И Толстой тоже оправдывает свою неправильность. Оправдывает себя мнением «больших» людей. Он видит литераторов, поэтов, - и, само собой, себя тоже, - учителями. Толстого побуждает нечто, что идёт в расход с его собственными желаниями. Он понуждаем к этому действию, которое вызывает тревогу, если он это действие не выполняет. Он не хочет поступать именно таким образом, но отказаться от этих навязчивостей не может, ему страшно, т.к. он вновь наткнётся на прежнюю тревогу. Альбер Камю в «Падении» так сказал по этому поводу: «Не брать то, чего не желаешь, самая трудная вещь на свете». Всё это – компульсивность.
Компульсивные люди зачастую не предстают перед нами пустыми или излишне депрессивными, они скорее очень целеустремлённые, очень действенные и активные, что подтверждают труды Толстого. Они видят себя как автомобиль, который во время вождения находится полностью под их контролем. Но в определённые моменты компульсивного человека охватывают сомнения насчёт дела, которому он предан. Он имеет цель, но это не его цель. Это «их» цель. Цель такого человека заключена в обратной связи с миром, который данному человеку чужд; он хочет признания, быть полезным, но не без корысти. Человек корыстен в подобной ситуации, он делает потому, что ждёт «фидбэка» от мира, с которым он решил связать себя, совершенно убивая в себе идентичность. Такой человек может годами находиться в сомнениях, решая кем и как именно ему будет выгоднее прославиться в обществе, оставить память о себе: это может быть поэт или литератор, учитель, мудрец (хоть это и не профессия вовсе), актёр, художник или режиссёр, - не важно, важно то, что человек намеренно подавляет Себя в угоду иерархии общества, где есть люди большие и маленькие, великие и подчинённые. Его эго сильно, не подавлено, и эго желает удовлетворения: всяческих похвал и почестей за свой труд. И нижеприведённый отрывок из стихотворения поэта, совершенно не владеющего русским языком, как раз об этом, друзья. Ведь все мы вышли из шинели навязчивостей и прочих невротических вкусностей, - да простит меня Гоголь.
«Из несогласия общего
для снискания благоговения,
умирая в угоду обществу,
возвращаясь к правде смирения»Такой человек чувствует время и коробит себя за то, что он растрачивает это время попусту. Быть бездеятельным компульсивному человеку означает быть пустым, не находящимся в жизни, а само чувство компульсии сродни тревоге, что мы забыли выключить газовую плиту дома, если так понятнее, может, будет. Тем более, что во время, когда компульсивный человек бездеятелен, он начинает тревожиться, появляется страх, всплывают мысли, что что-то не так, - это говорит их самость, совесть, осознанность – можете называть это как вам угодно. Компульсиный человек прячется за собственной деятельностью, боясь остаться наедине с собой, со своими реальными желаниями. Разрыв с этой защитой может произойти только в условиях полного отчаяния, очень сильного стресса, либо по достижению цели (как и случилось отчасти с Толстым): расставание с любимым человеком, потеря работы, потеря возможности работать (инвалидность, например) и пр. беды жизни. «Нет счастья в комфорте, - как говорил Достоевский, - покупается счастье страданием». И он же: «Надо любить жизнь больше, чем смысл жизни». Есть, о чём поразмыслить.

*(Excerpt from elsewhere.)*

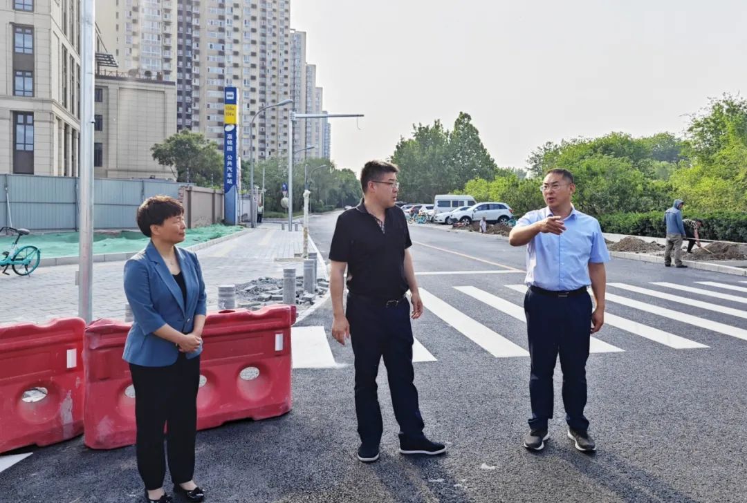 ▲区交通委党组书记、主任吴选辉与街道工委书记徐继锋、办事处主任王海玲调研道路疏堵情况

Возвращаемся к «Исповеди»: «И я довольно долго жил в этой вере, не сомневаясь в её истинности. Но на второй и в особенности на третий год такой жизни я стал сомневаться в непогрешимости этой веры и стал её исследовать. Первым поводом к сомнению было то, что я стал замечать, что жрецы этой веры не все были согласны между собою. Одни говорили: мы - самые хорошие и полезные учители, мы учим тому, что нужно, а другие учат неправильно. А другие говорили: нет, мы - настоящие, а вы учите неправильно. И они спорили ссорились, бранились, обманывали, плутовали друг против друга. Кроме того было много между нами людей и не заботящихся о том, кто прав, кто не прав, а просто достигающих своих корыстных целей с помощью этой нашей деятельности. Всё это заставило меня усомниться в истинности нашей веры». «Кроме того, - продолжает Толстой, - усомнившись в истинности самой веры писательской, я стал внимательнее наблюдать жрецов её и убедился, что почти все жрецы этой веры, писатели, были люди безнравственные и, в большинстве, люди плохие, ничтожные по характерам - много ниже тех людей, которых я встречал в моей прежней разгульной и военной жизни - но самоуверенные и довольные собой, как только могут быть довольны люди совсем святые или такие, которые и не знают, что такое святость. Люди мне опротивели, и сам себе я опротивел, и я понял, что вера эта - обман». Сказанное Толстым идёт в дополнение к сказанному мной выше: уход от себя не решает проблему. Нам никуда не деться от Себя. Но Толстым был сделан ещё один важный шаг: он признал, что его корыстная вера – обман. Выявление и признание проблемы, - как говорят психотерапевты, - сродни её решению.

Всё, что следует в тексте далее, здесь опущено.